Author Topic: File Scanner and Regular Expressions  (Read 44974 times)

0 Members and 1 Guest are viewing this topic.

Offline rick.ca

  • Global Moderator
  • *****
  • Posts: 3241
  • "I'm willing to shoot you!"
    • View Profile
File Scanner and Regular Expressions
« on: January 22, 2009, 03:42:08 am »
Changelog:
-Feature: RegExp support and additional functionality for File Scanner and Organize files by episodes function

Is there a particular external RegEx reference we should use as a guide in creating our own expressions? I know very little about RegEx (other than it makes my brain hurt), but I assume there are different "flavours." Are there any special terms that are unique to PVD?

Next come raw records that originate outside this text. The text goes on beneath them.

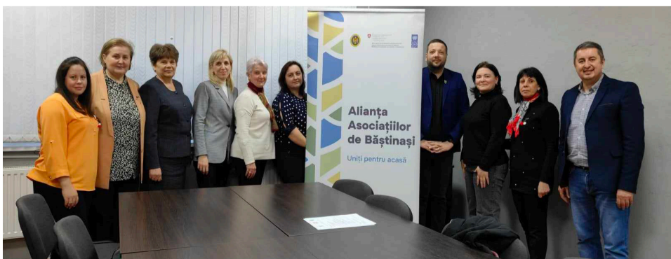
Activitatea de evaluare a Strategiei de dezvoltare locală

Biblioteca Publică Pelinia a devenit un centru comunitar de dezvoltare locală și implicare civică. Aici se organizează activități de instruire a localnicilor, de informare pe diverse domenii, de mobilizare civică a băștinașilor în dezvoltarea locală.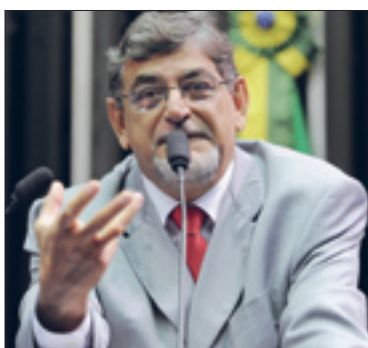
Couto afirma que "acabaram com a economia do Pará" e pede apoio a Lula

O senador lembrou que já havia denunciado a possibilidade de seu estado chegar a essa situação. Ressaltou que o Pará é o sexto maior exportador do Brasil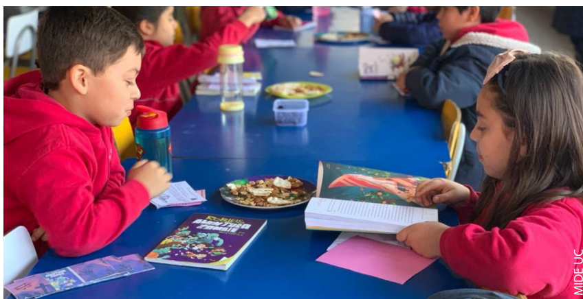
Estudiantes en la actividad de jugo o zumo literario.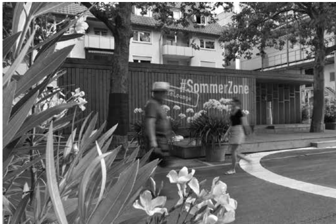
Auch in diesem Jahr wird die Turmstraße wieder zur #SommerZone

Die temporären Interventionen kommen jedoch auch den Bewohnerinnen und Bewohnern vor Ort zu Gute und schaffen zusätzlichen Platz in der Stadt für Austausch und Begegnung. Kleinere Aktionen und Präsentationen sind in beiden SommerZonen angedacht, unter anderem von der Stadtbibliothek und der städtischen Musikschule Heilbronn. Vom 1. bis 4. Juni findet StadtLesen statt, ein Lesefestival unter freiem Himmel, am 29. Juli das Straßenkunstfestival „KulturSamstag“. Zudem weitet die Heilbronner Bürgerstiftung ihre Aktion „spiel mich! Heilbronn“ mit künstlerisch gestalteten Klavieren auch auf die SommerZonen aus.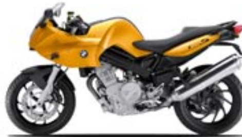
sunset gelb uni

If the scanner is unable to match a file to an existing record, the title can be edited, but the only available action is to "Add new movie." It would be nice if it re-checked the database for a match if the user edits the title (and perhaps a "refresh" requested) so the "Update file path" action would be available.

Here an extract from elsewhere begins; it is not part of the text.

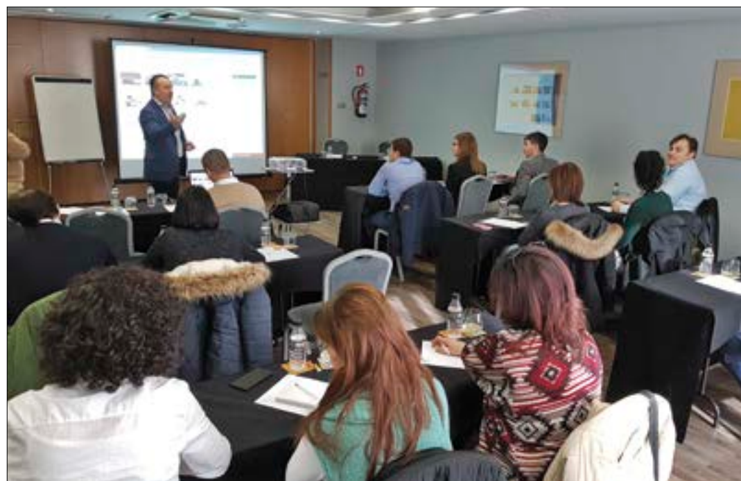
Reunión de los responsables del área de seguros de ASAJA en las nueve provincias de Castilla y León.

El Comité de Evaluación de Riesgos de la Agencia Europea de Sustancias y Mezclas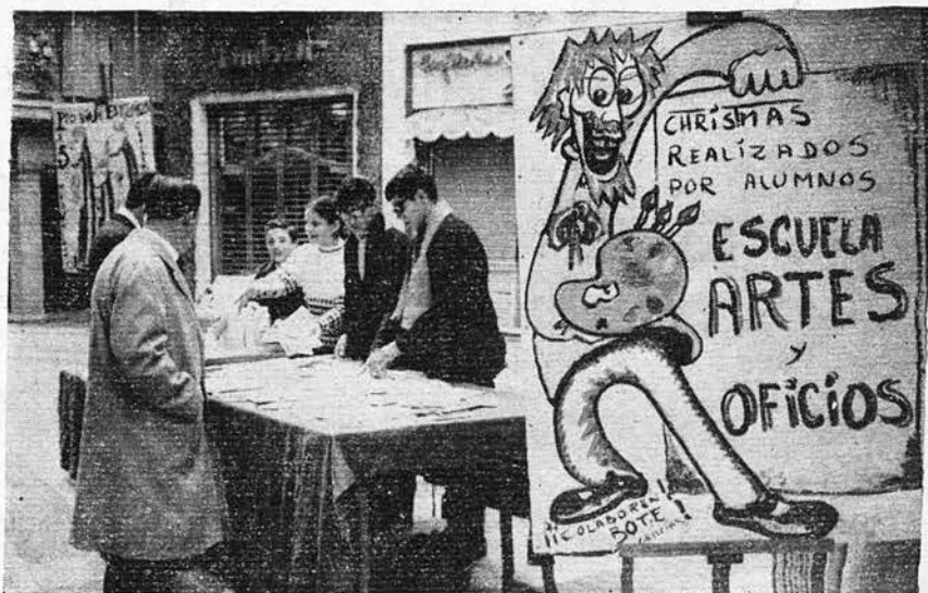
Operación Christmas. Diciembre 1964

When adding new episode files to existing series, the existing title and year are removed. Title is changed to "#S.E" and Year to "-1." This happens whether or not "Automatically import... Movie information" is selected (i.e., the problem can't be worked-around by selecting that).

What is meant by "Organize files by episodes function"?
« Last Edit: July 21, 2011, 10:27:06 pm by rick.ca »

Offline nostra

  • Administrator
  • *****
  • Posts: 2852
    • View Profile
    • Personal Video Database
Re: 0.9.9.4 File Scanner
« Reply #1 on: January 23, 2009, 01:24:59 am »
Quote
Is there a particular external RegEx reference we should use as a guide in creating our own expressions? I know very little about RegEx (other than it makes my brain hurt), but I assume there are different "flavours." Are there any special terms that are unique to PVD?

This is the best references on the net (I think):
http://www.regular-expressions.info/tutorial.html

Quote
If the scanner is unable to match a file to an existing record, the title can be edited, but the only available action is to "Add new movie." It would be nice if it re-checked the database for a match if the user edits the title (and perhaps a "refresh" requested) so the "Update file path" action would be available.

I'll think about it

Quote
When adding new episode files to existing series, the existing title and year are removed. Title is changed to "#S.E" and Year to "-1." This happens whether or not "Automatically import... Movie information" is selected (i.e., the problem can't be worked-around by selecting that).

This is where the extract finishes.